--- Data section ---

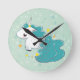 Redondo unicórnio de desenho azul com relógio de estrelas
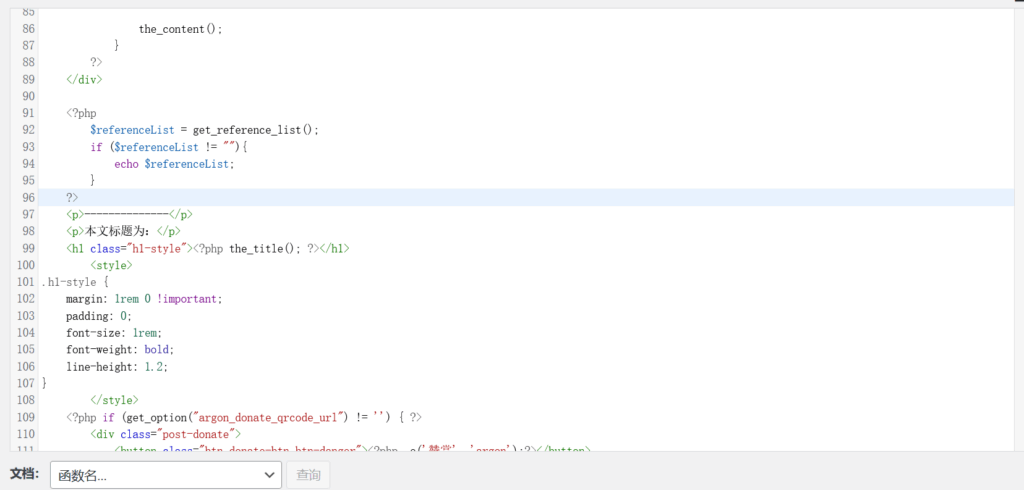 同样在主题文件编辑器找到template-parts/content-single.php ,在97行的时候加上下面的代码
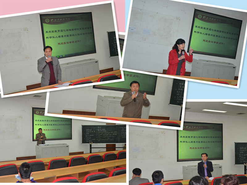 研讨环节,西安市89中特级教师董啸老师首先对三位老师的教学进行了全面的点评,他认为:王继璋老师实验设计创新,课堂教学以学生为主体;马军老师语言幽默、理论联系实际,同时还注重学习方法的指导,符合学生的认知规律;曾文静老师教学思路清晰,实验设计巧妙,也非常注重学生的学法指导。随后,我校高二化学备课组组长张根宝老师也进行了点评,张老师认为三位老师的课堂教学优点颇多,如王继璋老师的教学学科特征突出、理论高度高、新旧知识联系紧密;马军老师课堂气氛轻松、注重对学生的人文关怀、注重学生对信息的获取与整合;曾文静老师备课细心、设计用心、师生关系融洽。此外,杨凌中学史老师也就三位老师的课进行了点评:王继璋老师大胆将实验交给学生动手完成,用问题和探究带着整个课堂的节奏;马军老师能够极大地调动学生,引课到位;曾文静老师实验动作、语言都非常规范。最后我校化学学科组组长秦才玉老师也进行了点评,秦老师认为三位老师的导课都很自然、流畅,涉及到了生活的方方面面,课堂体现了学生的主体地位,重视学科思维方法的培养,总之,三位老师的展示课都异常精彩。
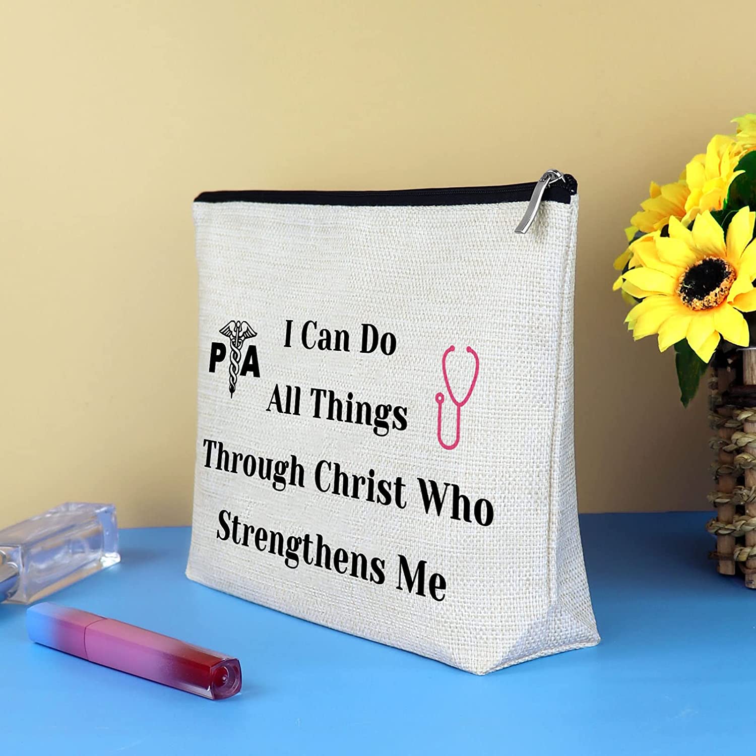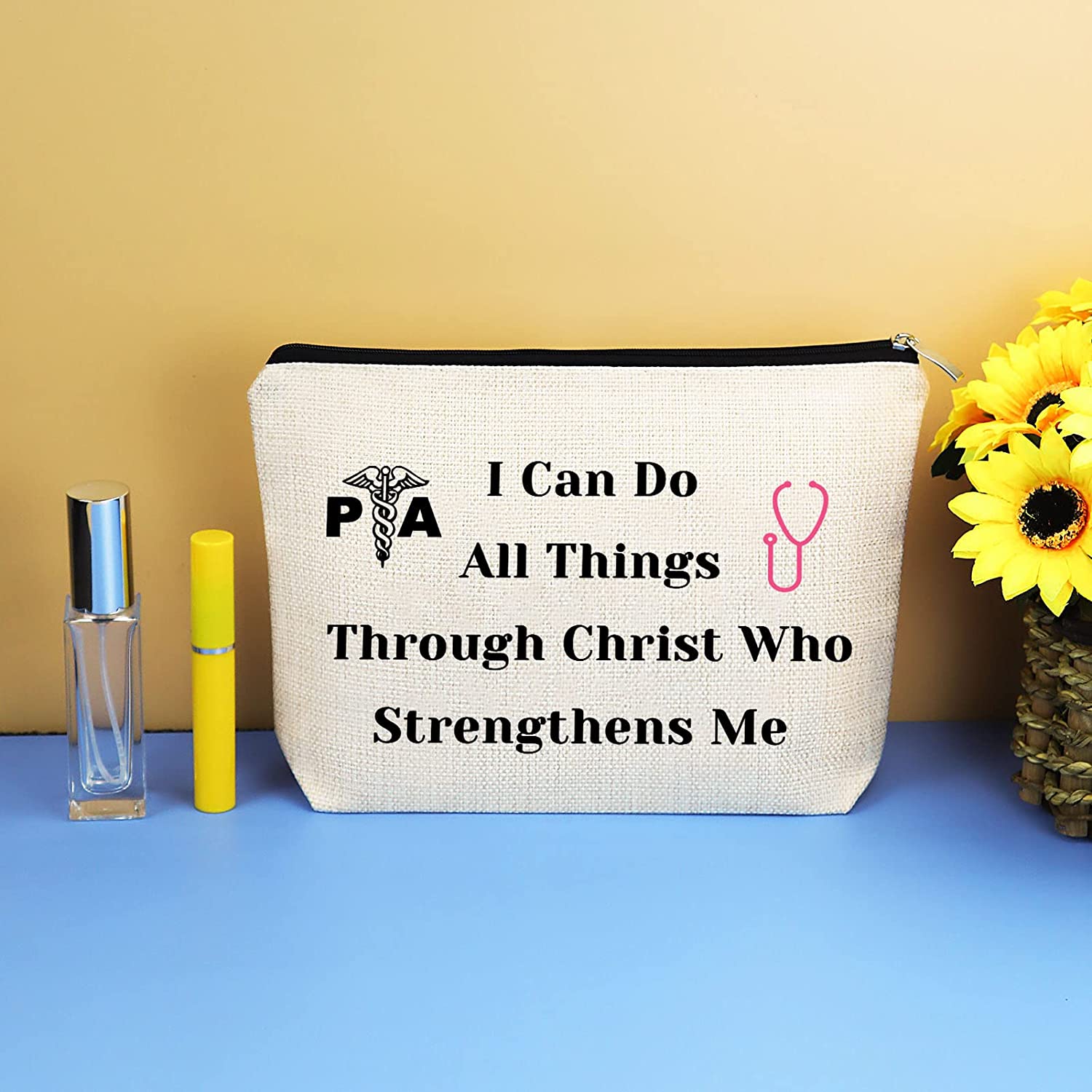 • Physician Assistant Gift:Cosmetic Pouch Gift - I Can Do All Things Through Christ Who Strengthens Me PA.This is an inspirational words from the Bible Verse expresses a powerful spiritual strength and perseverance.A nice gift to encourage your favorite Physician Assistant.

---

-- Task item --
Without any of the pictures, reproduce the listing above exactly.

-- Solution to the problem --
 Redondo unicórnio de desenho azul com relógio de estrelas
 同样在主题文件编辑器找到template-parts/content-single.php ,在97行的时候加上下面的代码
 研讨环节,西安市89中特级教师董啸老师首先对三位老师的教学进行了全面的点评,他认为:王继璋老师实验设计创新,课堂教学以学生为主体;马军老师语言幽默、理论联系实际,同时还注重学习方法的指导,符合学生的认知规律;曾文静老师教学思路清晰,实验设计巧妙,也非常注重学生的学法指导。随后,我校高二化学备课组组长张根宝老师也进行了点评,张老师认为三位老师的课堂教学优点颇多,如王继璋老师的教学学科特征突出、理论高度高、新旧知识联系紧密;马军老师课堂气氛轻松、注重对学生的人文关怀、注重学生对信息的获取与整合;曾文静老师备课细心、设计用心、师生关系融洽。此外,杨凌中学史老师也就三位老师的课进行了点评:王继璋老师大胆将实验交给学生动手完成,用问题和探究带着整个课堂的节奏;马军老师能够极大地调动学生,引课到位;曾文静老师实验动作、语言都非常规范。最后我校化学学科组组长秦才玉老师也进行了点评,秦老师认为三位老师的导课都很自然、流畅,涉及到了生活的方方面面,课堂体现了学生的主体地位,重视学科思维方法的培养,总之,三位老师的展示课都异常精彩。
 • Physician Assistant Gift:Cosmetic Pouch Gift - I Can Do All Things Through Christ Who Strengthens Me PA.This is an inspirational words from the Bible Verse expresses a powerful spiritual strength and perseverance.A nice gift to encourage your favorite Physician Assistant.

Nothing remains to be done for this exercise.